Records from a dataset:
------------------------------------
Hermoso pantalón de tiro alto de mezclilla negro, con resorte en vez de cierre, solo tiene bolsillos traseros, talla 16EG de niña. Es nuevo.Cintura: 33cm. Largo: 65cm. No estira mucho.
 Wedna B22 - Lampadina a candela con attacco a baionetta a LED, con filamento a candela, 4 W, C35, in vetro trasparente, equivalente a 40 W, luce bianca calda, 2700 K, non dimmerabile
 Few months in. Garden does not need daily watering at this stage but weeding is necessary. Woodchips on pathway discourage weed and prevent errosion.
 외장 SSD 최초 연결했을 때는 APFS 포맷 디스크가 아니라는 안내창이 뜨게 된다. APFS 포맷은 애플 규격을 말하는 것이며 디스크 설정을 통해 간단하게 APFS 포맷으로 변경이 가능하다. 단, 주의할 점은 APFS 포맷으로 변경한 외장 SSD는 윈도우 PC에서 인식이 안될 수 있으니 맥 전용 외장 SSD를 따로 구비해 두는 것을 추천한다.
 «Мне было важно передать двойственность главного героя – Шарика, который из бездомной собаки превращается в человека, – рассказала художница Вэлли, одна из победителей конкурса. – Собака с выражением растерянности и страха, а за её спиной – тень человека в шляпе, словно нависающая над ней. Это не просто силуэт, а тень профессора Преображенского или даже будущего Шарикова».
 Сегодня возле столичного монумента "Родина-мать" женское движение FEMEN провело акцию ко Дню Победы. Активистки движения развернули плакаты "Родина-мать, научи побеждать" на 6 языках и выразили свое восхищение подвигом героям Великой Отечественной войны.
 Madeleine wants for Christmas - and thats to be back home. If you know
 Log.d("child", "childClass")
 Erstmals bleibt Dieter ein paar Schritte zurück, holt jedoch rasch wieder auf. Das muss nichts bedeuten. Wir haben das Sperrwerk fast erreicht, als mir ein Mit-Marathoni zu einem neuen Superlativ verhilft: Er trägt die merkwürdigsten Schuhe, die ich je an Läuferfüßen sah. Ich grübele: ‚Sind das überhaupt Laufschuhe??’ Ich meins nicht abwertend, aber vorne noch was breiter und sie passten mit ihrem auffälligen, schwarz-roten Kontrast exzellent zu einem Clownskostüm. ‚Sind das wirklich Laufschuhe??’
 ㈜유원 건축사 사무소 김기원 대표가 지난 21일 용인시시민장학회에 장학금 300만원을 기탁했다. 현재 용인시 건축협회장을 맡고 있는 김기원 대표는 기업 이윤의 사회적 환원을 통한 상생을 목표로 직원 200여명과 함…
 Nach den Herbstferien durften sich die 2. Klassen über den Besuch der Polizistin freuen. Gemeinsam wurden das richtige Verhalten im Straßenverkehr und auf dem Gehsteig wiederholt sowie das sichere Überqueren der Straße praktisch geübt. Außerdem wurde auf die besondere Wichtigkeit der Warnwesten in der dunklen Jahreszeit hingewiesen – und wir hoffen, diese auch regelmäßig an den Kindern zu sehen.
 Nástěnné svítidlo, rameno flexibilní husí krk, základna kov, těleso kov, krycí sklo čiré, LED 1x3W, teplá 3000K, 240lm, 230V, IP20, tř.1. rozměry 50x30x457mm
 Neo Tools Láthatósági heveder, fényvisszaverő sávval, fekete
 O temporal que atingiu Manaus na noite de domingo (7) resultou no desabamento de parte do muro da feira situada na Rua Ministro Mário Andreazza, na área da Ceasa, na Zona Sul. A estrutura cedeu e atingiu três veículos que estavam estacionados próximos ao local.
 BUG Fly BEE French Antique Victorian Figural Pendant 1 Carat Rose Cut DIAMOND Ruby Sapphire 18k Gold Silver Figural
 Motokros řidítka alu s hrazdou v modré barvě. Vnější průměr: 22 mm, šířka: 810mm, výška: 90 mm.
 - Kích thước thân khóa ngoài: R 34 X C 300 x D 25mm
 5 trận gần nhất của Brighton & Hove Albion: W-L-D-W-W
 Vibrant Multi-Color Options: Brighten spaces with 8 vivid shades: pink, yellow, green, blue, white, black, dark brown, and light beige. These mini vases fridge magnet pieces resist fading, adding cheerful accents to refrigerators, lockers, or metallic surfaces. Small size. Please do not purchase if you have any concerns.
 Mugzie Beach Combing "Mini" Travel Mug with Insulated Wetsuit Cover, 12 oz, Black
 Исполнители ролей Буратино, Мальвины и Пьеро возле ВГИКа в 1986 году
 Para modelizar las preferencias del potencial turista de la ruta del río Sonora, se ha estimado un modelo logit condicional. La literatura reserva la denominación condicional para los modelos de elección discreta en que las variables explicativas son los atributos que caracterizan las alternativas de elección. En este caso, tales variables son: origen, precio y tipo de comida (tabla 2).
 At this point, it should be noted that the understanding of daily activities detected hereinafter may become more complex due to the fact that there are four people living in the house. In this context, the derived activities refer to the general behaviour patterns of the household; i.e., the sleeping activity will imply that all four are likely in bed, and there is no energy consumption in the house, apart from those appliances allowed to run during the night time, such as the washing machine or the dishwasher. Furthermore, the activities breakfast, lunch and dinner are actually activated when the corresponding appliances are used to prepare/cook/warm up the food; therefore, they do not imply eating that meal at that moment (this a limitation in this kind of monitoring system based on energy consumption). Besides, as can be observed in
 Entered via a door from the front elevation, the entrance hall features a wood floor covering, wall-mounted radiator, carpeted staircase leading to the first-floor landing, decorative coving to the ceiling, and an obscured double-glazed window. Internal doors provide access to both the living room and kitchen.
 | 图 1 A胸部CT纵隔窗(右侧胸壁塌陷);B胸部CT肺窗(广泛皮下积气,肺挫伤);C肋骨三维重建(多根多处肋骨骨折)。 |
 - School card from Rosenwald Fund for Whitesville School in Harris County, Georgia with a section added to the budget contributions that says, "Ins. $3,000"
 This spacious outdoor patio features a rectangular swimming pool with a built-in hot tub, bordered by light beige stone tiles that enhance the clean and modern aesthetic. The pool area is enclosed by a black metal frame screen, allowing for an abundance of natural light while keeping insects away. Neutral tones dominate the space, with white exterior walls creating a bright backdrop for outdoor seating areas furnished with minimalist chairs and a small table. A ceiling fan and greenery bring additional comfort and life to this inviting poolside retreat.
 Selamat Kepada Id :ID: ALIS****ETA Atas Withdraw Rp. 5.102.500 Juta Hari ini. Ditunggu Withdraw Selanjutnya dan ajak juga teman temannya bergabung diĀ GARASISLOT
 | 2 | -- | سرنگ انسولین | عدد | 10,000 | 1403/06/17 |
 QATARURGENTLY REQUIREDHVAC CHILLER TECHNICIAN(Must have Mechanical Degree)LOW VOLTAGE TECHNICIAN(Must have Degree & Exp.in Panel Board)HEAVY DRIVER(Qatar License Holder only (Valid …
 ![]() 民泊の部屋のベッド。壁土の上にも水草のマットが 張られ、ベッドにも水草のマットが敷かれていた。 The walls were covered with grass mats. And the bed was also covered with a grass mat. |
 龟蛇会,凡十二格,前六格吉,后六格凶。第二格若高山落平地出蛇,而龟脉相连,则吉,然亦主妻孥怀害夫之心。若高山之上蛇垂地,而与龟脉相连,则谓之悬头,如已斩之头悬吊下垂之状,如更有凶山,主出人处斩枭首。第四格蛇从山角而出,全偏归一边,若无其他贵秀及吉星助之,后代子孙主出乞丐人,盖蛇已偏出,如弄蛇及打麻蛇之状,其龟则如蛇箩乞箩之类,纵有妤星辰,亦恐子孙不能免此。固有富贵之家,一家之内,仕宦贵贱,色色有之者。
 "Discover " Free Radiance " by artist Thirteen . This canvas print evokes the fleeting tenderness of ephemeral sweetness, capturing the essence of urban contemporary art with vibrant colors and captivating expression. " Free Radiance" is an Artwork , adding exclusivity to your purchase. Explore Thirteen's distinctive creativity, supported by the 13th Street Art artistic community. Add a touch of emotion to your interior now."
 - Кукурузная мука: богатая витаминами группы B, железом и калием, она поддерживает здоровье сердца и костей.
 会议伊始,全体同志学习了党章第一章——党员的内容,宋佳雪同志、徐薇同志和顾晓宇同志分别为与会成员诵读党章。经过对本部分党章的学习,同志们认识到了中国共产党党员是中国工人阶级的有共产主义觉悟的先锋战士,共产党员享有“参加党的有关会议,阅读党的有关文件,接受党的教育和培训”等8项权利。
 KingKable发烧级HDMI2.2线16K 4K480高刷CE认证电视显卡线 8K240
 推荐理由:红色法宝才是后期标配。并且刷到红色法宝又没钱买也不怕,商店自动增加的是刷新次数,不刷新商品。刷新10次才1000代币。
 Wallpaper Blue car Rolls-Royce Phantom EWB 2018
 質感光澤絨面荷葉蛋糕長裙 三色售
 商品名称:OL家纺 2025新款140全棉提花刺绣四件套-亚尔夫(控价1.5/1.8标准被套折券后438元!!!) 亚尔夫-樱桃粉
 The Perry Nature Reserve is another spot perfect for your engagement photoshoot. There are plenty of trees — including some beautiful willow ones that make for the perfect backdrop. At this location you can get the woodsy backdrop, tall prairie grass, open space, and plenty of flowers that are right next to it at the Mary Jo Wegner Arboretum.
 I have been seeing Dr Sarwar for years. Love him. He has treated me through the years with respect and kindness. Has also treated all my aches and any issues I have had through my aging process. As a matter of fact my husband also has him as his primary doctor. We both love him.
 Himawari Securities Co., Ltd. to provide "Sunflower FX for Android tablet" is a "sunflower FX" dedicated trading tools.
------------------------------------
_Try it_
Reproduce only the lines above, starting at the line with "BUG Fly BEE" and ending at the line with "Исполнители ролей Буратино, Мальвины", exactly as written.

_Response to this exercise_
 BUG Fly BEE French Antique Victorian Figural Pendant 1 Carat Rose Cut DIAMOND Ruby Sapphire 18k Gold Silver Figural
 Motokros řidítka alu s hrazdou v modré barvě. Vnější průměr: 22 mm, šířka: 810mm, výška: 90 mm.
 - Kích thước thân khóa ngoài: R 34 X C 300 x D 25mm
 5 trận gần nhất của Brighton & Hove Albion: W-L-D-W-W
 Vibrant Multi-Color Options: Brighten spaces with 8 vivid shades: pink, yellow, green, blue, white, black, dark brown, and light beige. These mini vases fridge magnet pieces resist fading, adding cheerful accents to refrigerators, lockers, or metallic surfaces. Small size. Please do not purchase if you have any concerns.
 Mugzie Beach Combing "Mini" Travel Mug with Insulated Wetsuit Cover, 12 oz, Black
 Исполнители ролей Буратино, Мальвины и Пьеро возле ВГИКа в 1986 году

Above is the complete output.